Performance Tuning
DSPAM and all components involved, depending on your setup, can cause a great impact on the load of your servers if not properly tweaked. This page aims to get some light on what you should worry about and point out some solutions already used in production systems.
This is the "kick-off" page, which has info I've gathered so far. Place your comments at Performance Tuning Comments. This is a work in progress...
Hardware
physical memory
fast disks
Operating System
don't use ext3 (???)
DSPAM tuning
client-server model
unix sockets if possible
low # of dpam instances concurrently
which training mode (???)
MySQL tuning
version 4.1 or above
unix sockets if possible
my.cnf parameters
InnoDB vs MyISAM (???)
size vs speed [>size ==> >I/O ==> <speed] (???)
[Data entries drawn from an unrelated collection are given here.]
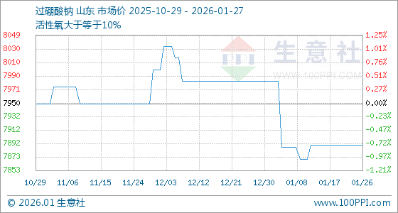 1月27日,生意社过硼酸钠基准价为7890.00元/吨,与本月初(7983.33元/吨)相比,下降了1.17%。
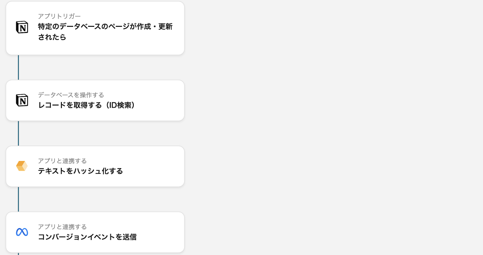 この自動化を導入することで、Google スプレッドシートにレコード登録時、MetaコンバージョンAPI側でコンバージョンイベントを自動で送信できます。
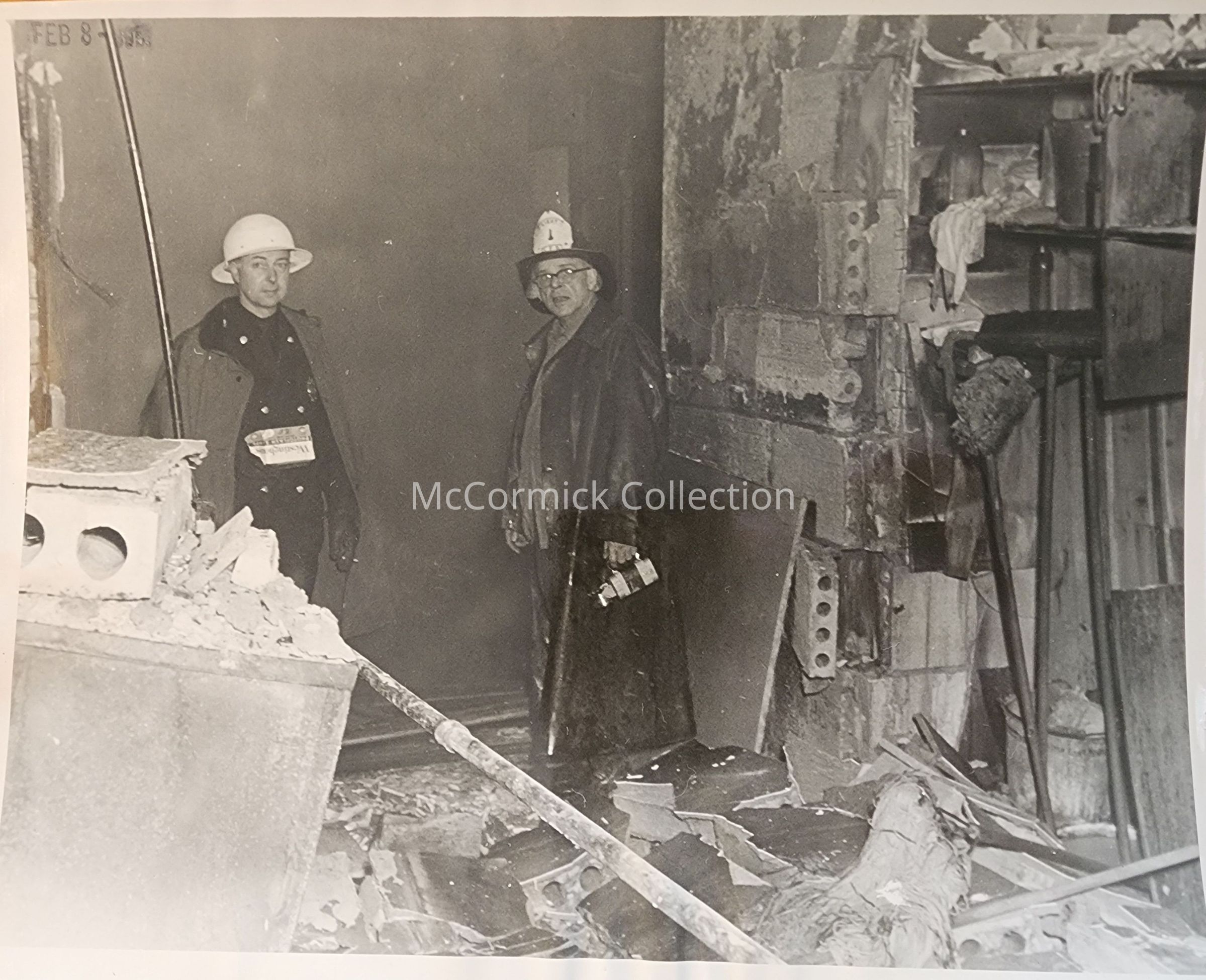 Photographic print of two firefighters in a fire ruins. Dated February 8, 1951. Unidentified location or fire, but very likely the Michigan State Office Building fire.
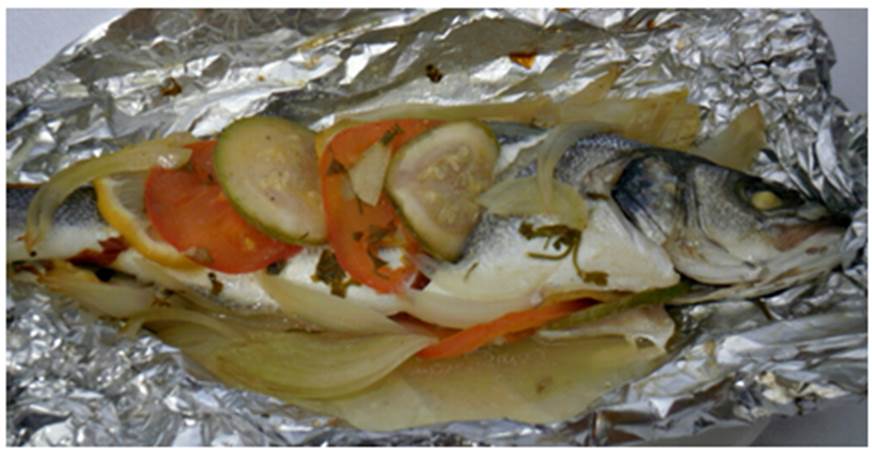 כל פעם עם תבלין אחר ולקבל כל פעם טעם אחר. גוונים – ירקות אפשר להכניס ירקות בתוך העטיפה. אבל: זמן בישול הדג בעטיפת נייר כסף בתנור הינו רק 20
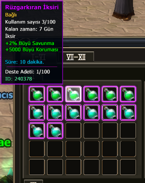ID : 240378 (Rüzgar Kıran İksiri) and 240377 (Bariyer İksiri)
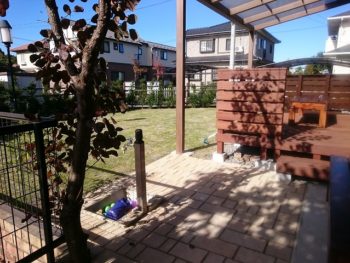 外水栓の周りもインターロッキングを敷いたので、お子様の水遊びでの泥撥ねもなさそうです。
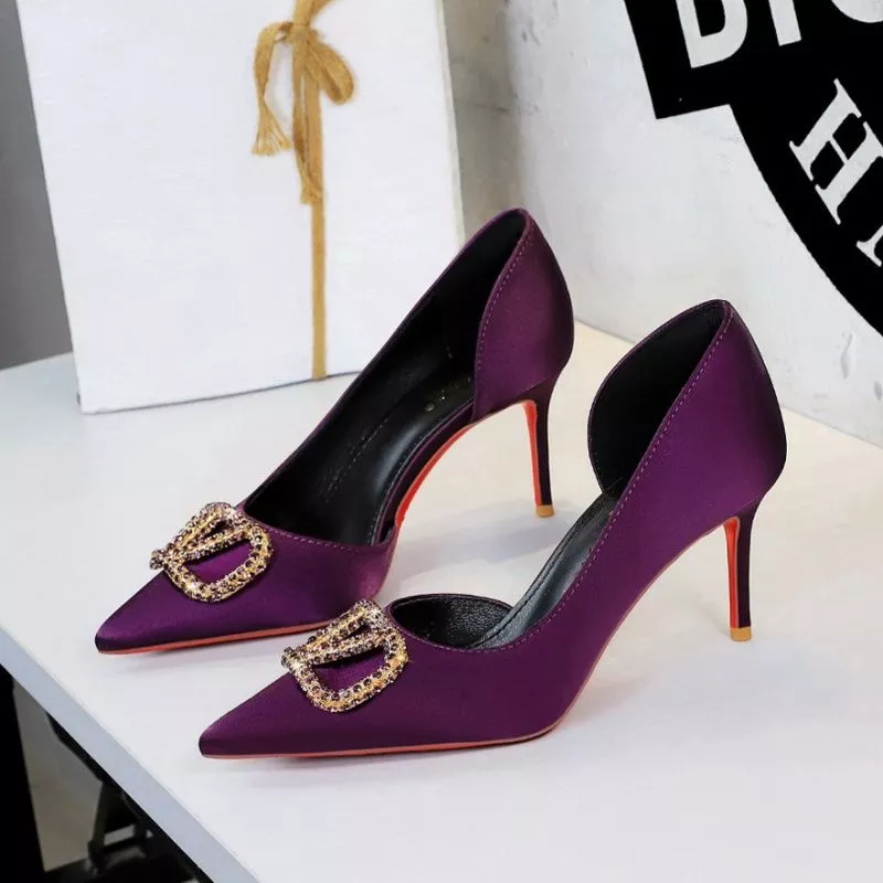 Decolte Donna Raffinate A Punta Con Tacco 7.5 cm Fibbia Decorativa Viola CF65413

modified purge scripts (???)
From [dspam-users] mailing list
Here are relevant parts of some threads, some posts seem contradictory, but in a near future all this will be clarified (I hope).
[dspam-users] Performance Issue
http://dspam.nuclearelephant.com/dspam-users/7550.html
http://dspam.nuclearelephant.com/dspam-users/7569.html
... Try using InnoDB instead of MyISAM. Given your situation, row-level locking (as opposed to table-level in MyISAM) should net you a huge performance benefit. [MYSQL2]
http://dspam.nuclearelephant.com/dspam-users/7571.html
Ok. I tried InnoDB. After 2 hours, the time increased from 0.5-10 to 130-1850. And I have something about 250 dspam processes running simultaneously. Lots of queries in MySQL's process list as well. The ibdata1 filled 700MB in that two hours.
http://dspam.nuclearelephant.com/dspam-users/7575.html
It seems to me that if you're going to take any real advantage of InnoDB, DSPAM has got to be fitted for proper usage. Transactions, read/read-write and next key locking need to be part of the DSPAM. Without it, you'll have one off transactions and deadlocks popping up all over.
http://dspam.nuclearelephant.com/dspam-users/7572.html
... Here's what I have on my box w/ 1G of ram in /etc/mysql/my.cnf key_buffer = 512M table_cache = 1024 myisam_sort_buffer_size = 265M max_allowed_packet = 4M thread_stack = 128K Notice how aggressive I'm using memory for sorting the keys and sorts. You should look in to the sample my.cnf that comes w/ mysql (my-huge.cnf, my-large.cnf, etc.) take a look at [MYSQL3] ...
http://dspam.nuclearelephant.com/dspam-users/7584.html
The insert queries that dspam_merge attempted on our dspam 3.2.6 install were in excess of 60MB; I had to increase the max_allowed_packet parameter accordingly in order for the process to complete.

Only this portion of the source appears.